The history of AI computing in recent decades follows a somewhat familiar script: brief bursts of industry-shifting breakthroughs followed by months or years of smaller incremental change with a fair share of controversy peppered in between. Today’s one of those watershed moments.
Alphabet-owned Deepmind on Thursday announced it’s releasing a database of predictions for virtually every protein currently known to science, an advancement that’s expected to significantly fast-track drug development and critical advancements in new technologies. The expanded database revealed this week increases the number of known, cataloged proteins included in Deepmind’s database by over 200x, from 1 million structures to around 200 million structures.
Those predictions come via Deepmind’s AlphaFold AI software. Back in 2020, AlphaFold proved it could predict the shape of certain protein structures and create 3D models with unprecedented accuracy. Deepmind began publishing some of these structures on this open database last year, starting with the known structures of 20 species and 98% of all human proteins. Deepmind believes this week’s hefty expansion, which includes predicted structures for plants, bacteria, animals, and other organisms, could create new opportunities for scientists to advance research needed to address sustainability issues and food scarcity. Deepmind’s making all of the structures available for bulk download through Google’s Cloud Public Datasets.
Prior to AlphaFold, protein prediction reportedly involved time-consuming experimentation involving X-rays, microscopes, and other tools.
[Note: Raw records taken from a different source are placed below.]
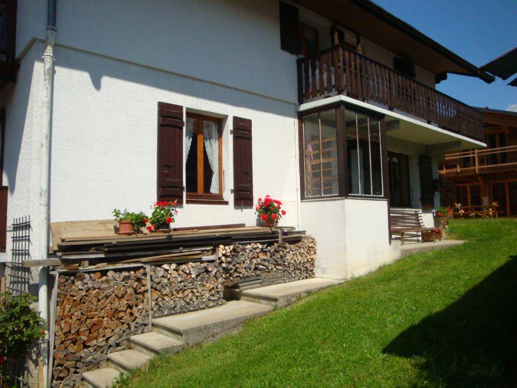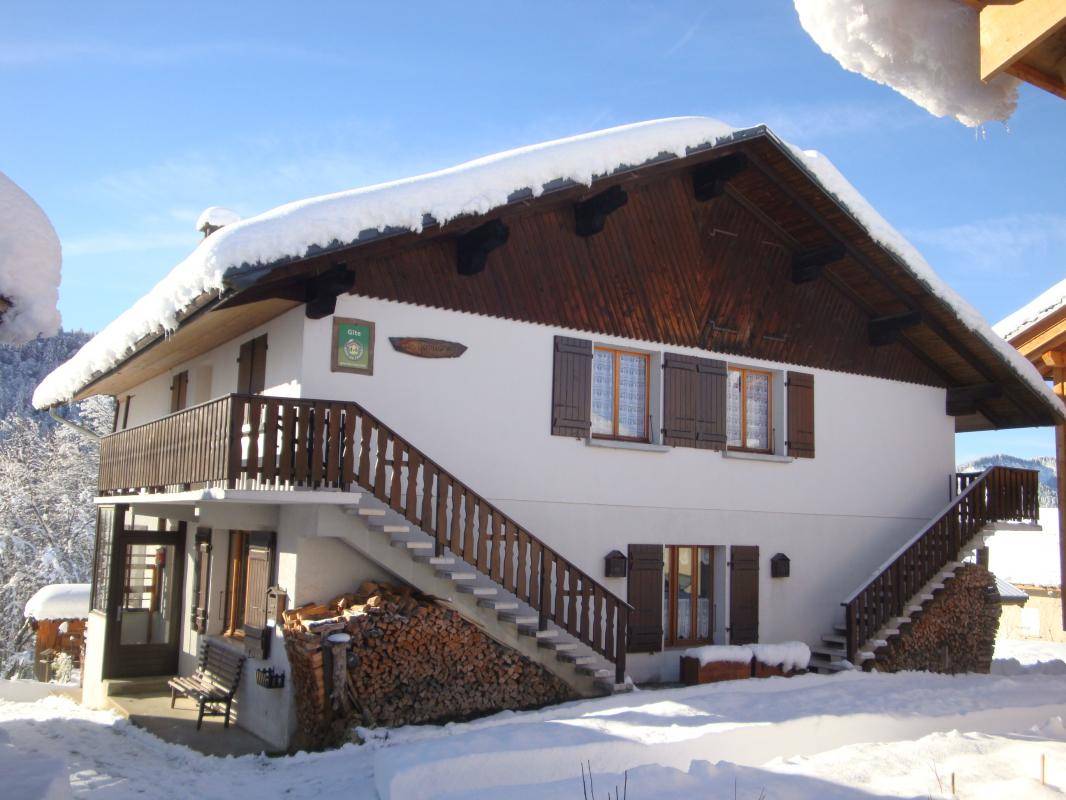 3 Gîtes im Haus des Besitzers. Erdgeschoss (separater Zugang: Küche, 2 Schlafzimmer, davon 1 zum Wohnraum umgebaut (1 Doppelbett/ 1 Doppelbett, 1 Einzelbett), Duschbad (Dusche), separates WC. Balkon Unten angrenzendes gemeinsames Grundstück das Ferienhaus Ski Notre-Dame-de-Bellecombe/Espace Diamant 300 m, Megève oder les Saisies 12 km, See Flumet 4 km.
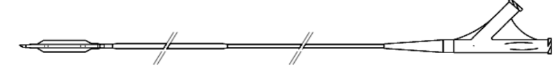 Hình 1. Bóng có 2 lòng (Over The Wire) dùng để bơm tế bào gốc vào trong lòng ĐMV. Khi bóng được đưa đến đầu gần của nhánh ĐMV, thì bóng được bơm theo đường bên để bít kín đầu gần, sau đó dung dịch chứa tế bào gốc được bơm theo lòng chính (thẳng).
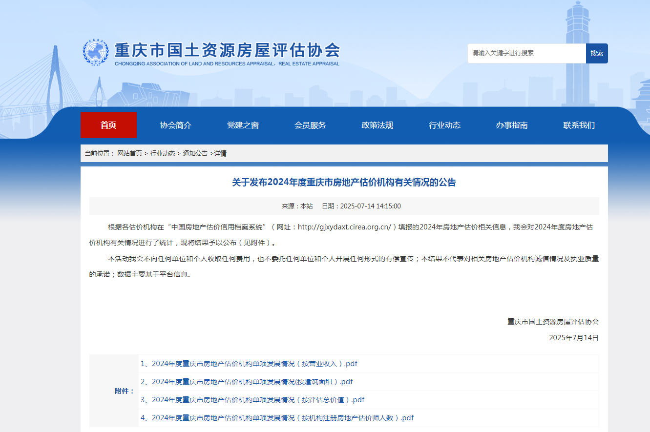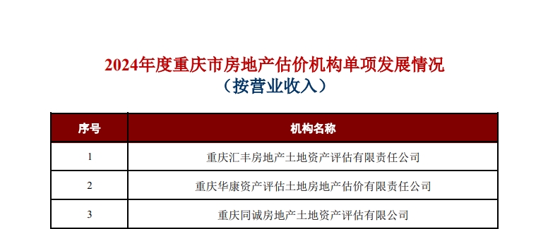 重庆市国土资源房屋评估协会于2025年7月14日发布《2024年度重庆市房地产估价机构发展情况公告》。数据显示,重庆汇丰房地产土地资产评估有限责任公司在2024年度重庆市房地产估价机构单项发展情况(按营业收入)中排名位列第1名。
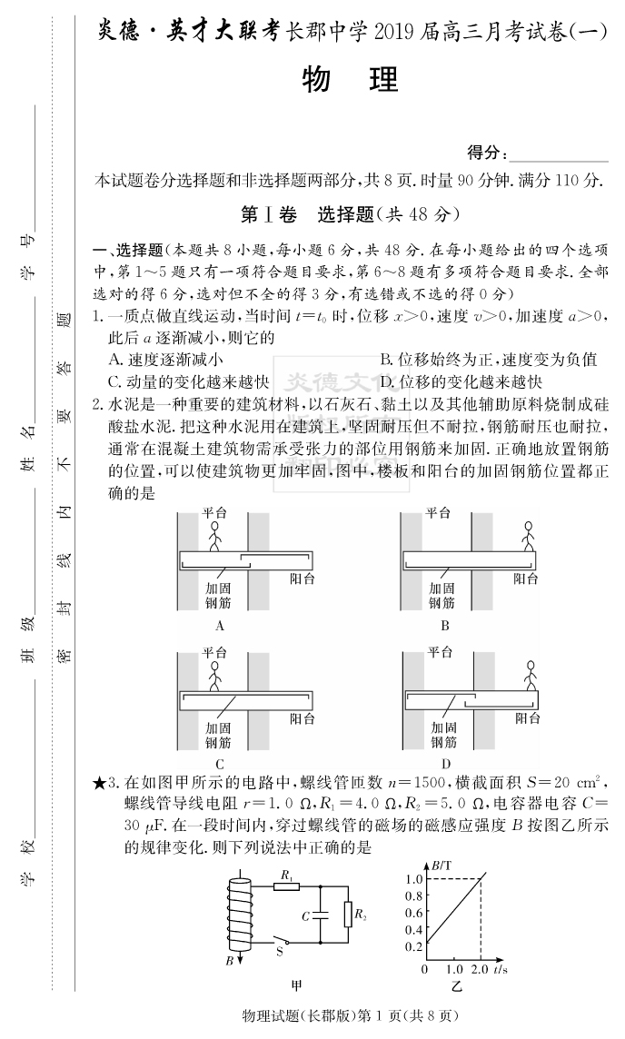 【物理】炎德英才大聯(lián)考2019長(zhǎng)郡中學(xué)高三1次月考

In a statement, Scripps Research Translational Institute Founder and Director Eric Topol said AlphaFold has reduced the time to accurately predict the structure of a protein from months or years down to mere seconds.
“AlphaFold has already accelerated and enabled massive discoveries, including cracking the structure of the nuclear pore complex,” Topol said. “And with this new addition of structures illuminating nearly the entire protein universe, we can expect more biological mysteries to be solved each day.”
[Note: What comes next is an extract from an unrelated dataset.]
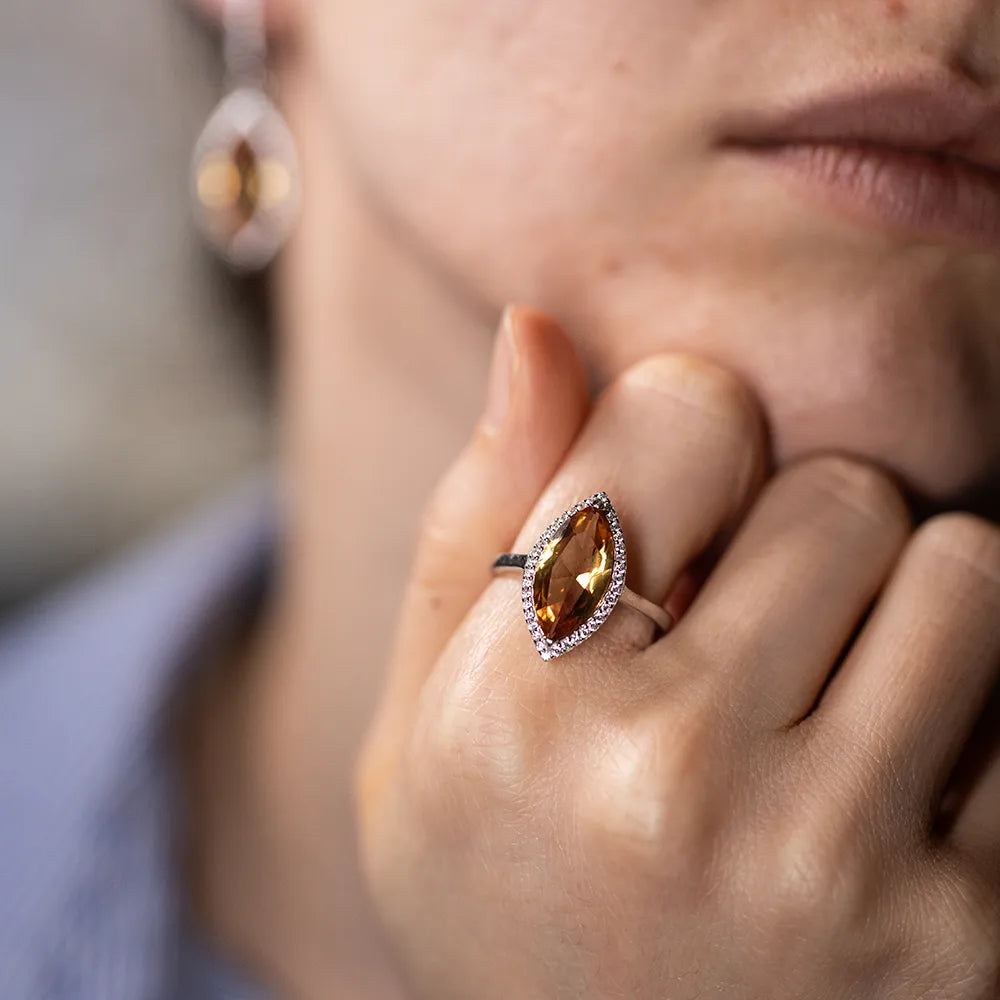 • Design: Elegant marquise-cut centerpiece surrounded by a shimmering halo of zircons, creating a timeless aesthetic.
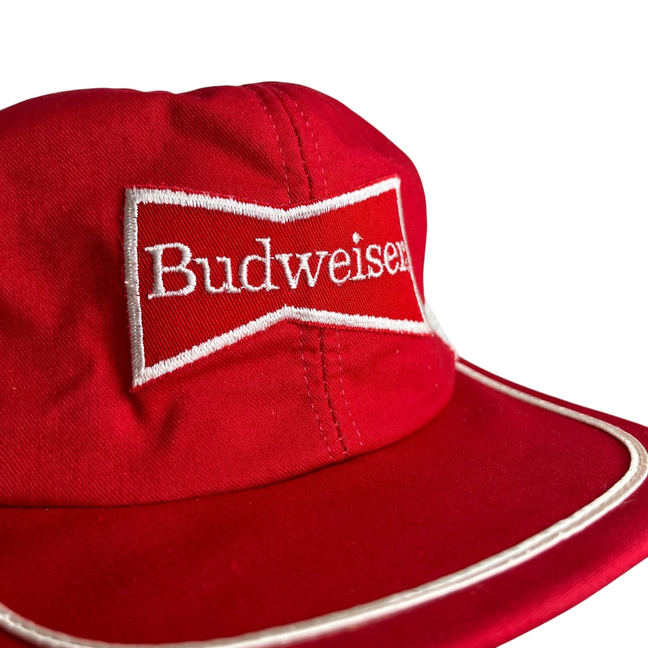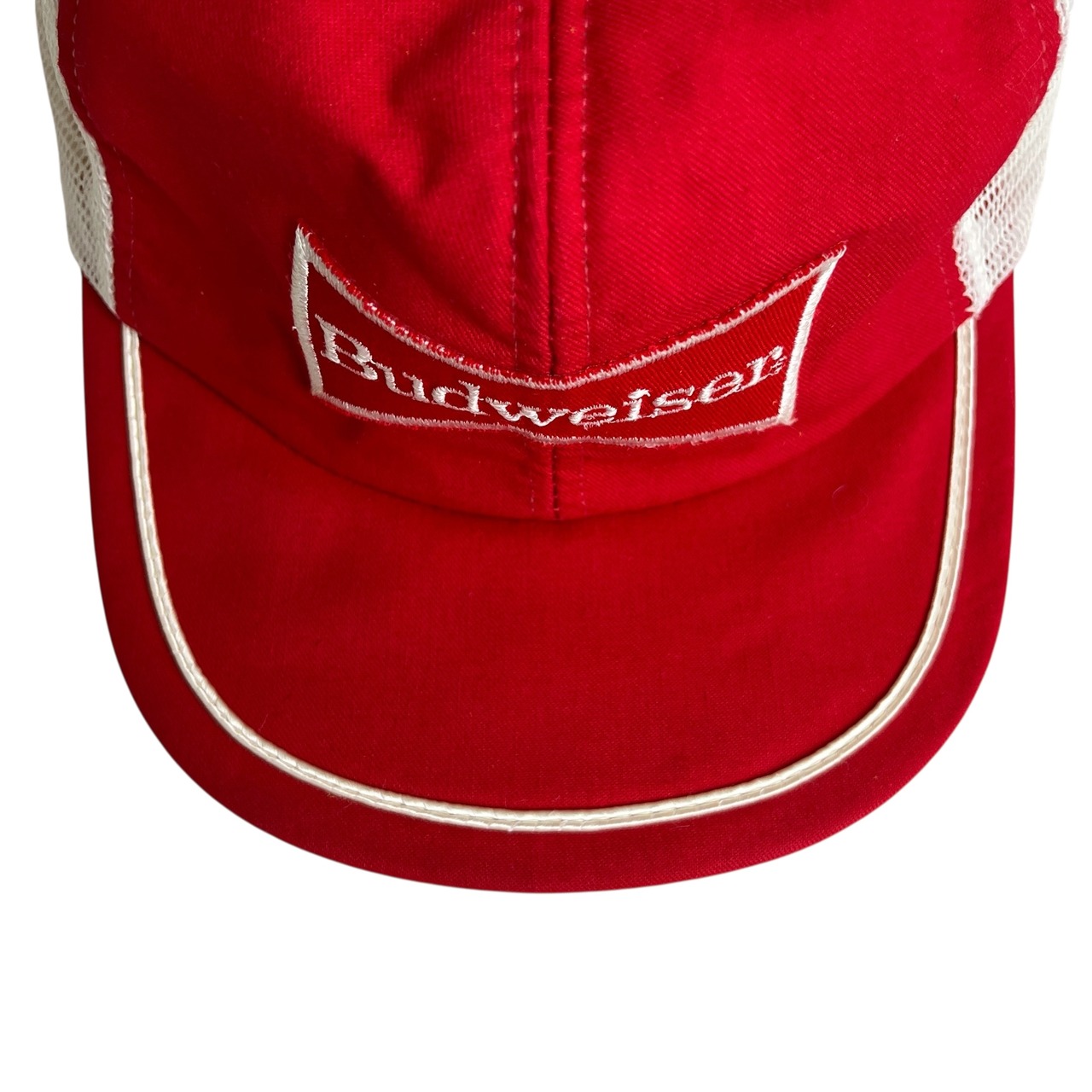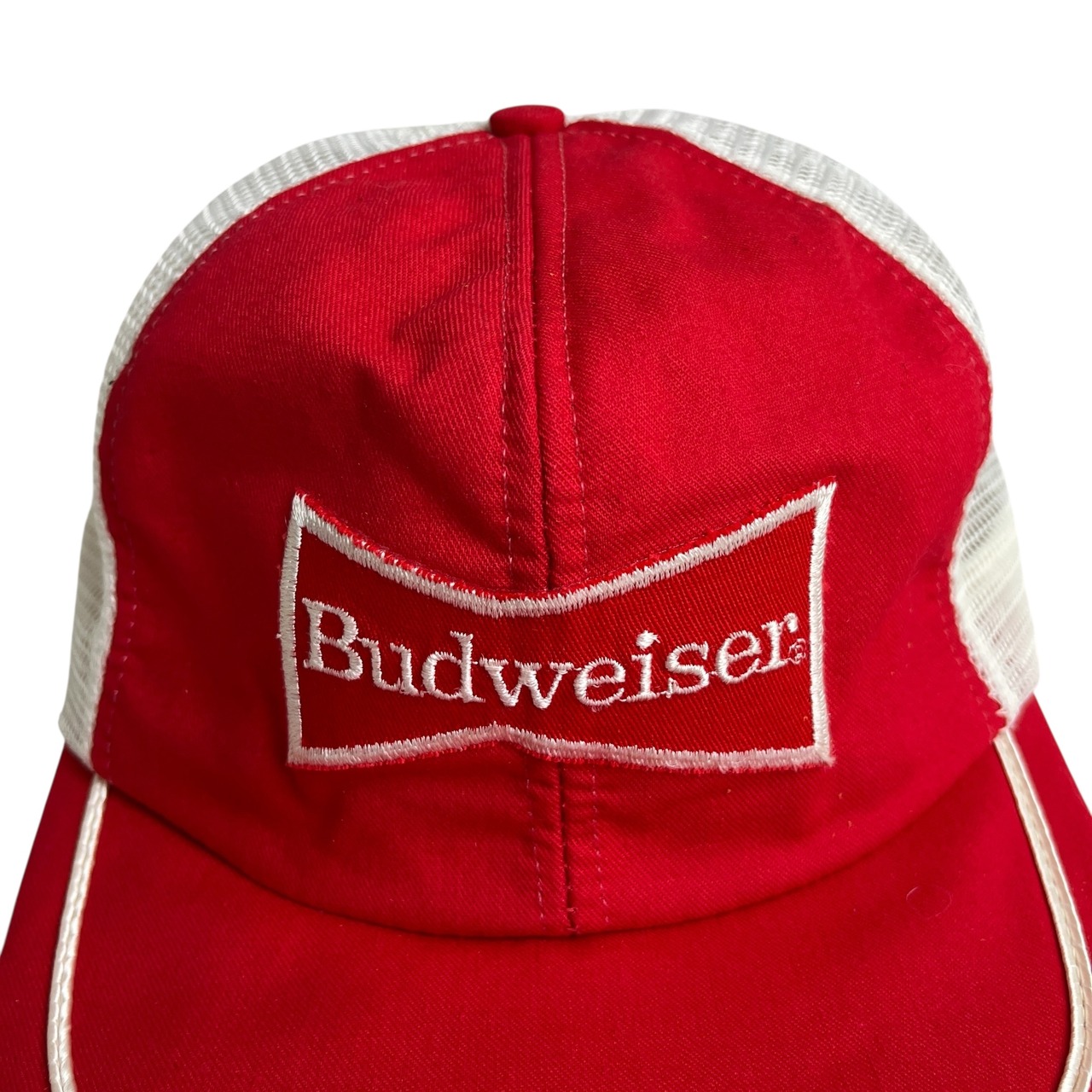 フロントには"KING OF BEERS"として世界的に知られる「Budweiser (バドバイザー)」の定番ロゴワッペンが大きく配置されています。赤と白のアイコニックなカラーリングが80年代の雰囲気を醸し出す、シンプルながら存在感のある一品。アジャスターに「MADE IN USA」の刻印が入る、ヴィンテージファンには嬉しいポイントです。

The circles in the image below illustrate the scale of this week’s new additions. While the predicted protein structure for all of the organisms listed increased dramatically since last year, the largest chunk of data involves animals. That’s followed by plants and then shortly after by bacteria.
“This comes down to medicine, agriculture, biotech, everything,” European Bioinformatics Institute Director Emeritus Dame Janet Thornton said in a statement. “There are many applications. It’s [the database] like a shop you can go in and just get your favorite protein and look at it, instantly.”
Scientists worldwide have already begun using AlphaFold’s models to advance research in their fields. Naturally, Alphabet’s tried to get in on the action as well. Late last year, the conglomerate announced it had spun off a new company called Isomorphic Labs with the expressed purpose of taking revelations pulled from AlphaFold and using them to discover new pharmaceutical drugs. Ambitiously, Deepmind CEO Demis Hassabis claimed the project could, “reimagine the entire drug discovery process from first principles with an AI-first approach.”